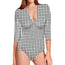 Black And White Windowpane Pattern Print Long Sleeve Swimsuit
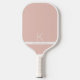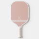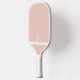 Conception initiale monogramme blanc et rose pâle, moderne et sobre, sur une pagaie personnalisée à base de pickleball, dans une police sans-serif minimale et professionnelle classique pour votre lettre de nom, et les coordonnées ou numéro de téléphone optionnels.
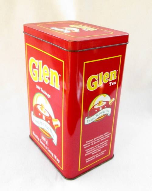 A lovely Glen Tea advertising hinged tin, in good condition, minor wear, size 13 cm x 9 cm x 19 cm.
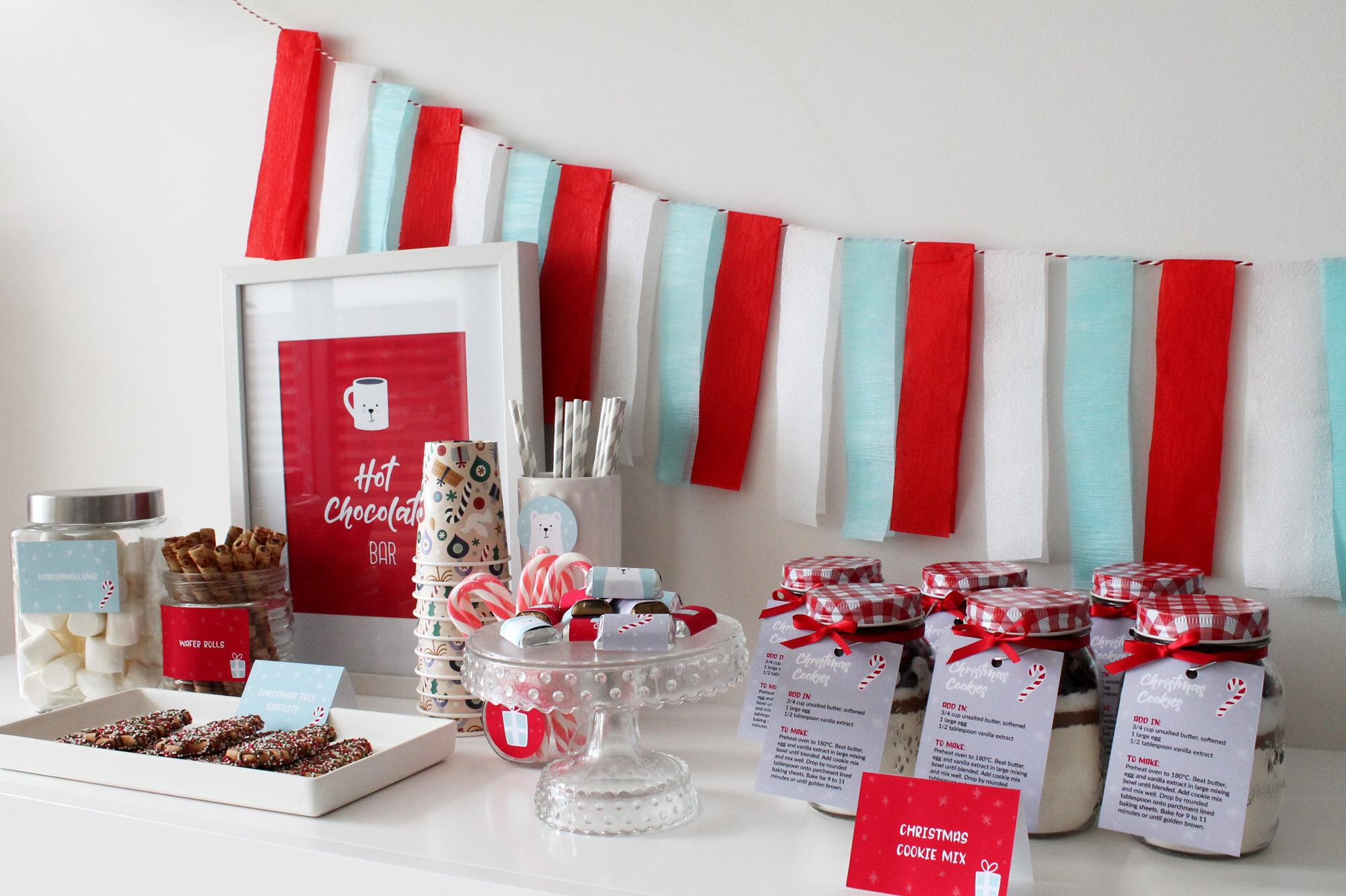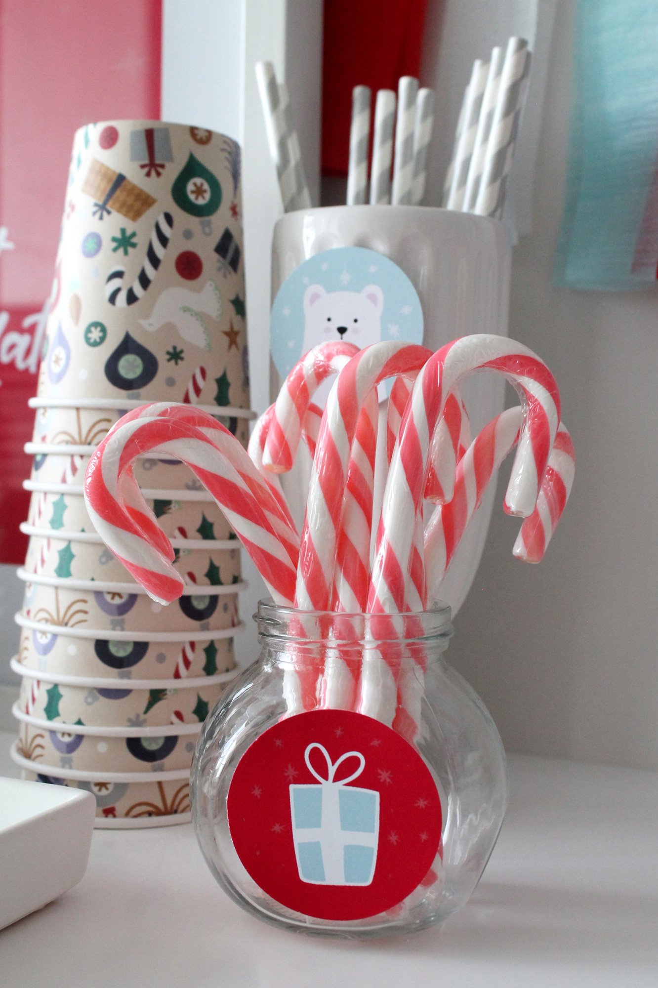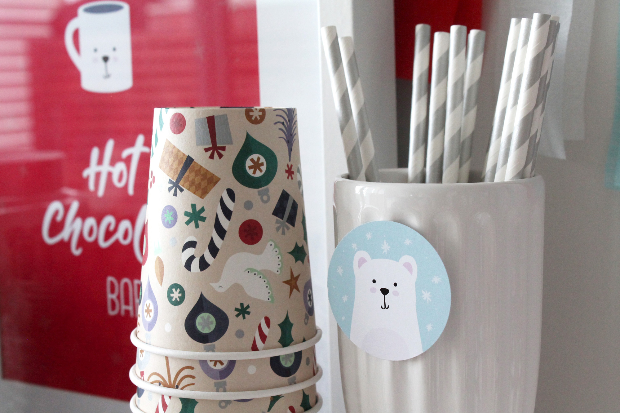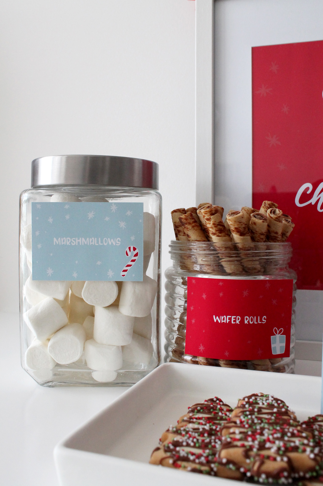 I started by printing and framing the Hot Chocolate Bar Sign. I then filled glass jars with marshmallows, wafer rolls and candy canes. Some cute paper cups and straws and the hot chocolate station was all set.
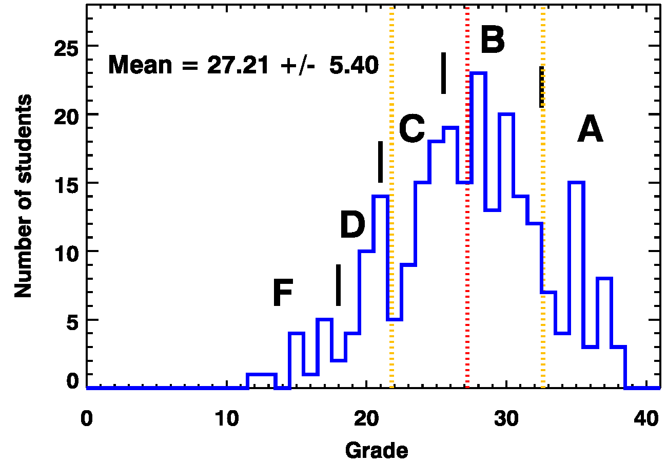 As before, the grades assigned to exam scores are only an approximate guide. Final course grades will be based on numerical results, not these letter grades.
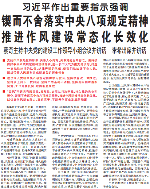 锲而不舍落实中央八项规定精神 推进作风建设常态化长效化
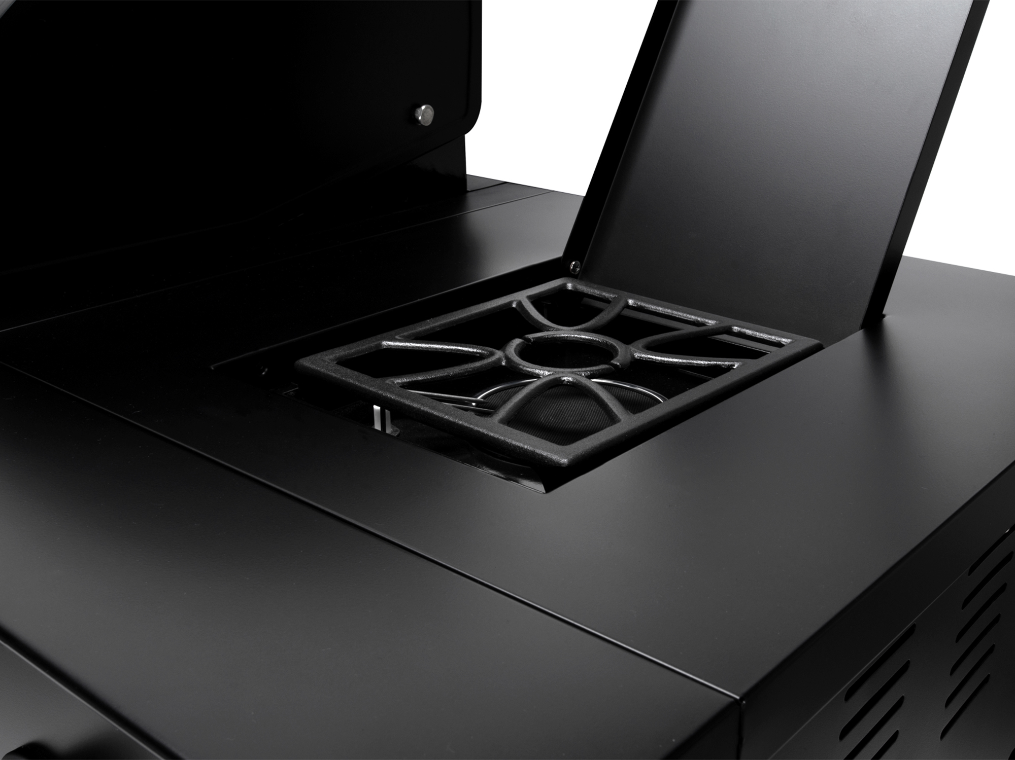 • Dankzij de drie gietijzeren roosters en de gietijzeren bakplaat kun je verschillende gerechten tegelijk en met gelijkmatige warmte bereiden
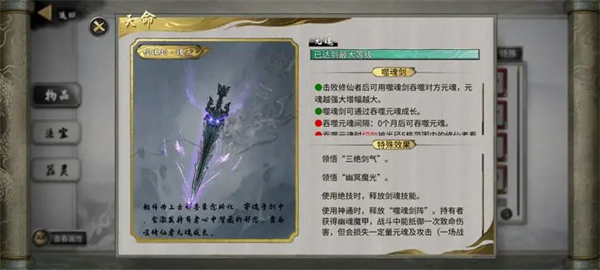 噬魂剑:吞宗主,吃天骄,杀天骄(全自动攻击吞到一定数量解锁技能,基本锁敌)
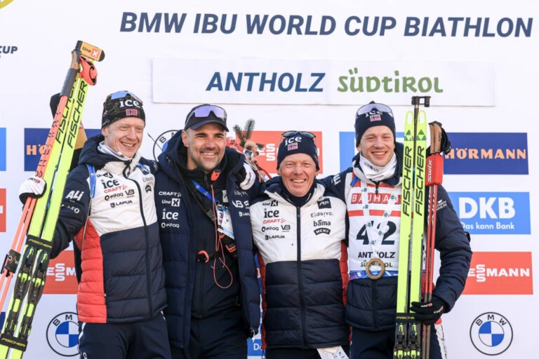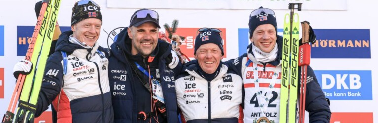 Johannes Thingnes Boe (NOR), Siegfried Mazet (FRA) coach team Norway, Tarjei Boe (NOR), (l-r) © Manzoni/NordicFocus
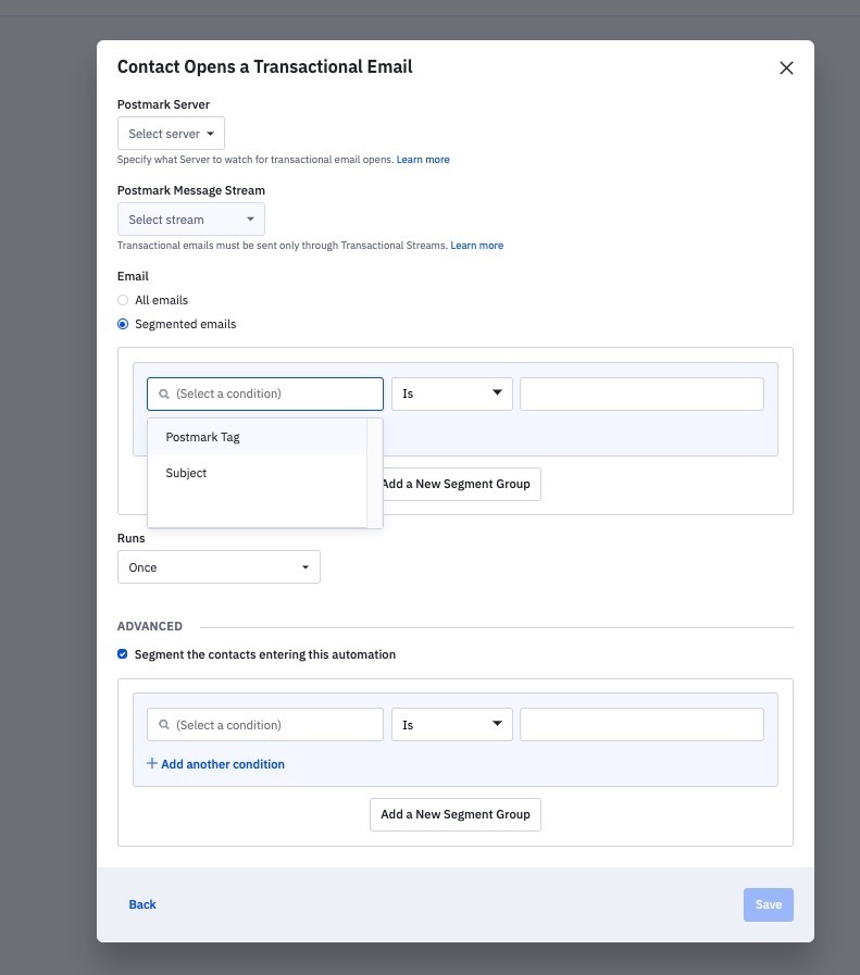 When you first select the Opens/Reads email trigger, you will need to click the blue Connect Postmark button to connect your ActiveCampaign and Postmark accounts using Oauth.

----------

▶ Exercise directions:
Each line from the one that contains "gelijkmatige warmte bereiden" to the end of the listing must be quoted exactly; no other line and no picture belongs in the copy.

▶ Answer box:
 • Dankzij de drie gietijzeren roosters en de gietijzeren bakplaat kun je verschillende gerechten tegelijk en met gelijkmatige warmte bereiden
 噬魂剑:吞宗主,吃天骄,杀天骄(全自动攻击吞到一定数量解锁技能,基本锁敌)
 Johannes Thingnes Boe (NOR), Siegfried Mazet (FRA) coach team Norway, Tarjei Boe (NOR), (l-r) © Manzoni/NordicFocus
 When you first select the Opens/Reads email trigger, you will need to click the blue Connect Postmark button to connect your ActiveCampaign and Postmark accounts using Oauth.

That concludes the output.